Steven Adler’s show at The Powerstation was always going to be a very odd thing. It’s not entirely unreasonable that the drummer from Guns N Roses, now somewhat estranged from the band that made his name and nearly destroyed him, would want to make a living from his time with the band. It’s also understandable, if unconventional, that his mother, having written a bestselling book about her boy’s time with the band, would want to talk about her memories of her son’s excesses.

And so Steven Adler, and his mother Deanna, sat down on a couple of very uncomfortable-looking beanbag-like chairs on the stage of The Powerstation last night to answer questions from radio presenter Bryce Casey. And as the half-hour Q&A session ground on, I wanted so badly for it to end. Deanna is clearly very proud and fond of her son, but her son is, let’s be blunt, a mess. It might be the stroke she said he’d suffered; it might be the drugs. But he was, frankly, embarrassing. It wasn’t the swearing I took exception to, other than the fact that beyond repeated uses of fuck his swearing was quite unoriginal and woefully lacked creativity and inventiveness, although I’d not use language like that on stage with my mother.
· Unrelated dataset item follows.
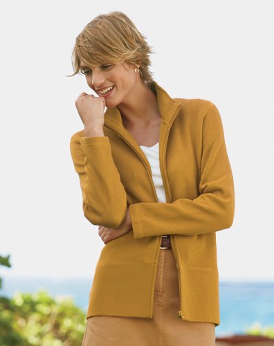 Plush garment-washed French rib cotton is as cozy as can be in our zip front sweatshirt for women. This casual zip-front sweatshirt has a stand collar, side-seam pockets, and twill-tape trim. Zip front sweatshirt for women in navy blue, bronze, paprika. Pure cotton. Washable. Imported. Sizes: S(6-8), M(10-12), L(14-16), XL(18-20); about 26" long.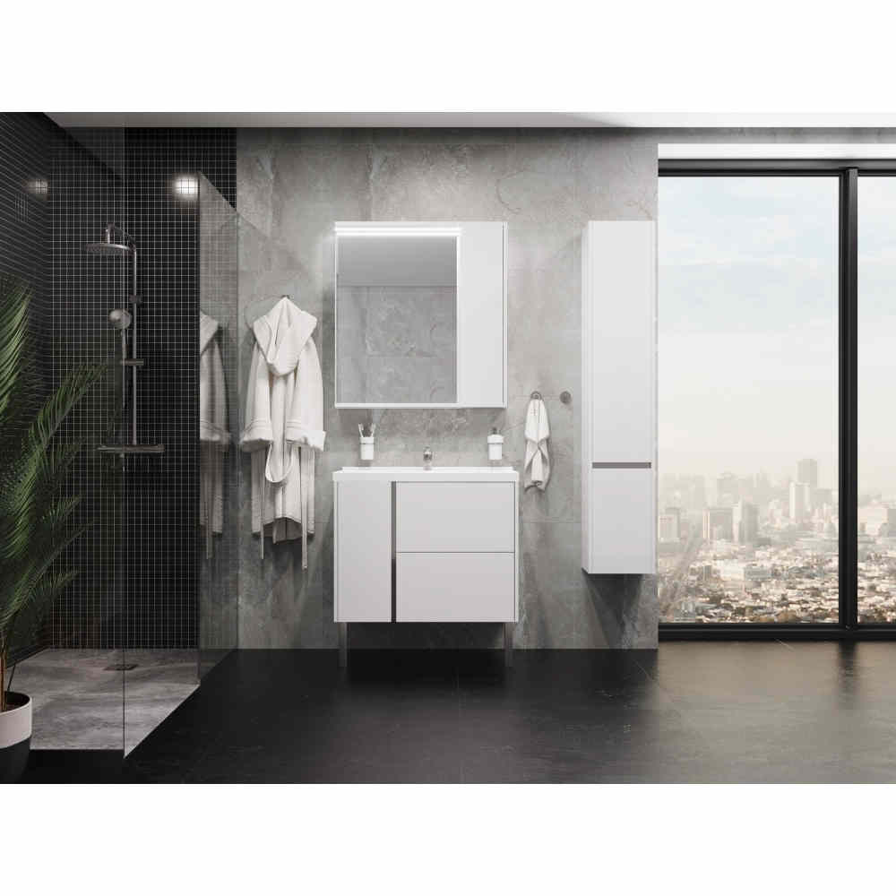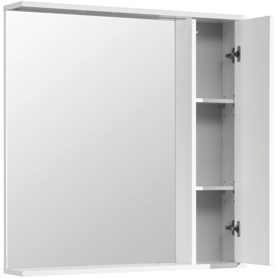 Простой и строгий дизайн сегодня вне конкуренции. Зеркальный шкаф Стоун 80 от AQUATON идеально подойдет для практичных современных ванных комнат в духе минимализма. Корпус модели и фасад выполнены из влагостойкой ЛДСП, покрытой белой глянцевой краской, которая защищает изделие от влаги. Отсек для хранения с двумя полками позволит разместить все необходимые мелочи. Петли с доводчиком делают закрывание дверцы более плавным и безопасным. Шкаф оборудован нижней полкой и верхней LED-подсветкой, которая обеспечит дополнительный комфорт при использовании в ночное время.

It wasn’t entirely the references to all the “pussy” — his word, not mine — that lined the cocaine-covered table he and Tommy Lee of Mötley Crüe snorted after a show, although, again, the lack of class was almost unbearable. It was, I think, the way he insisted on telling his mother to be quiet and stop talking that I found most obnoxious. He might have the stories; he does not have the storytelling skills. He might have lived a life significantly more debauched than Oscar Wilde, but his raconteuring is a very long way from Wildean.

And so the second part of the show dragged around. Adler’s Appetite, essentially a Guns N Roses tribute act, have been trading on Adler’s name since 2003, with a dizzyingly rotating lineup. Currently the band is fronted by Constantine Maroulis, a distant runner-up in a television talent show who has the impossible task of taking the role of Axl Rose. And, quite frankly, he’s not up to the task, but, let’s be fair here, neither are his bandmates. Michael Thomas plays all the right notes on his Les Paul, and even in the right order, but he’s not Slash, and likely never will be. As Adler mumbled and slurred an hour earlier, Appetite For Destruction was not only a landmark record; it was a musical alchemy that required a rather special combination of musicians, and was a product of its moment. But while Adler’s current band are technically perfectly proficient, they simply lack the swagger, the cockiness, the swing, the nasty brilliance that made the original record such an ugly, evil joy. Maroulis, in particular, tried just a little too hard, his fanboyness a little too close to the surface. Adler’s Appetite managed to trot through some of the most influential heavy metal songs of the last three or four decades without managing to find the soul, the energy, the flame, even the spark of the originals.

But if his backing band let him down, Adler is still a remarkable drummer. This much was quite transparently obvious as he pounded out the intro to It’s So Easy, his swing and abandon and control on the kit seemingly effortless. He was once an essential part of an essential band; to see him trading on past glories when his one-time bandmates, now reformed without him, play stadia together, was very slightly heartbreaking.